The Event would be HistoryChangeSetFetched(changeSet, time). In correlation to what has been said above, the time should be that of the newest change of the newly history ChangeSet Fetched (as per the command event currently being handled)
Now in all example that i see, it is always: (i) validating the command, then, (ii) persisting the event, and finally (iii) handling the event.
It is in handling the event that i have seen custom code added in addition to the updatestate logic. Where, the custom code is usually added after the update state function. But this custom is most of the time about sending message back to the sender, or broadcasting it to the event bus.
As per my example, it is clear that i need to do quite few operation to actually call Persist(HistoryChangeSetFetched(changeSet, time)).
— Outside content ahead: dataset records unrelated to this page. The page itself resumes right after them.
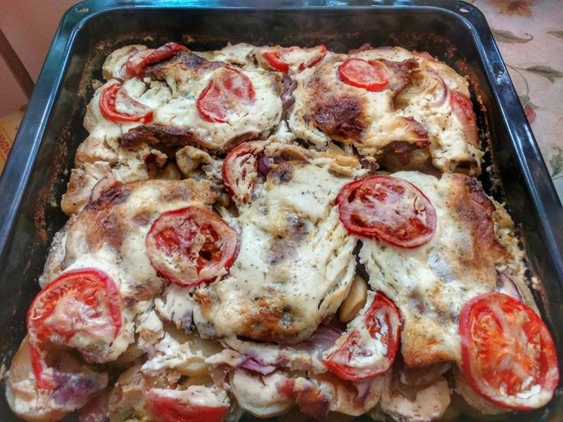 • 2 kg ziemniaków obranych i pokrojonych w plastry
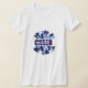 Den här kvinnans t-shirt visas med en snickarpräst. Färg Deep Blue and White Anpassa det här objektet eller köp som designat. Licensierad bild
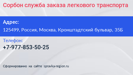 Сорбон, служба заказа легкового транспорта по адресу 125499, Россия, Москва, Кронштадтский бульвар, 35Б в дальнейшем Организация, размещена в следующих категориях:
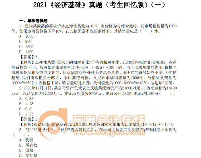 2023年中級經(jīng)濟師考試將至,隨著復習接近尾聲,在沖刺期的同學們此時對于“整套類試卷”的需求不斷上升。中級經(jīng)濟師歷年真題是比較重要且全面的復習資料;下面為同學們總結(jié)了2020年至2022年中級經(jīng)濟師《經(jīng)濟基礎(chǔ)》科目的真題匯總(考生回憶版),快快小試身手吧!
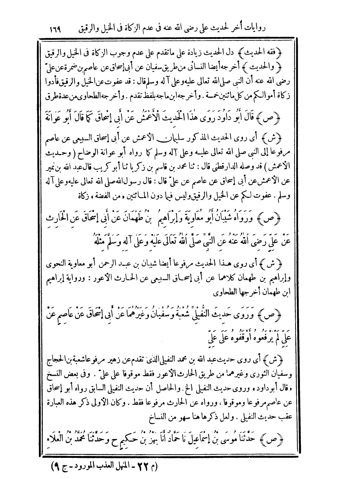 (ش) أي روى هذا الحديث مرفوعًا أيضًا شيبان بن عبد الرحمن أبو معاوية النحوي وإبراهيم بن طهمان كلاهما عن أبي إسحاق السبيعي عن الحارث الأعور: ورواية إبراهيم ابن طهمان أخرجها الطحاوي
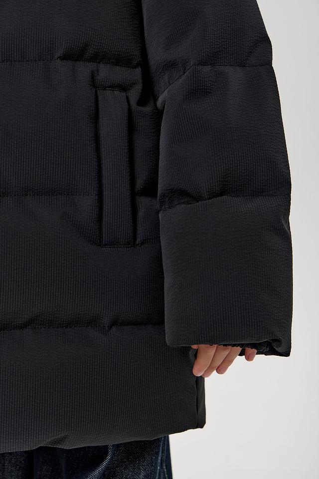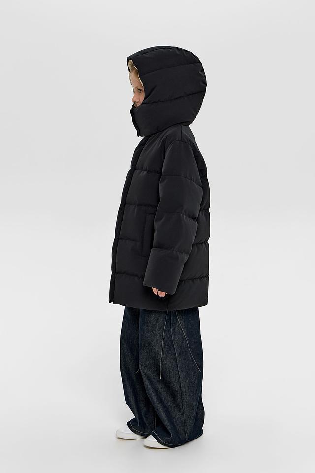 Пуховик имеет удобный капюшон, который защитит от ветра и снега. Застежка на кнопки позволяет быстро и легко надевать и снимать куртку. Стеганая текстура придает изделию стильный и современный вид.

Indeed i need the new changeset, and the time of the newest change of it.
The only way i see it possible is to do the fetch in the validating the command
That is:
case FetchLastHistoryChangeSet => val changetuple = if ValidateCommand(FetchLastHistoryChangeSet) persit(HistoryChangeSetFetched(changetuple._1, changetuple._2)) { historyChangeSetFetched =>
updateState(historyChangeSetFetched)
}
Where the ValidateCommand(FetchLastHistoryChangeSet)
would have as logic, to read last changeSet time (newest change of the changeSet), fetch a new changeset based on it, if it exist, get the time of its newest change, and return the tuple.
My question is, is that how it is supposed to work. Validating command
can be something as complex as that ? i.e. actually executing the
command ?
As it says in the documentation: "validation can mean anything, from simple inspection of a command message's fields up to a conversation with several external services"
So I think what you're trying to do is exactly right. Any interaction with an external service must be done at the command validation stage.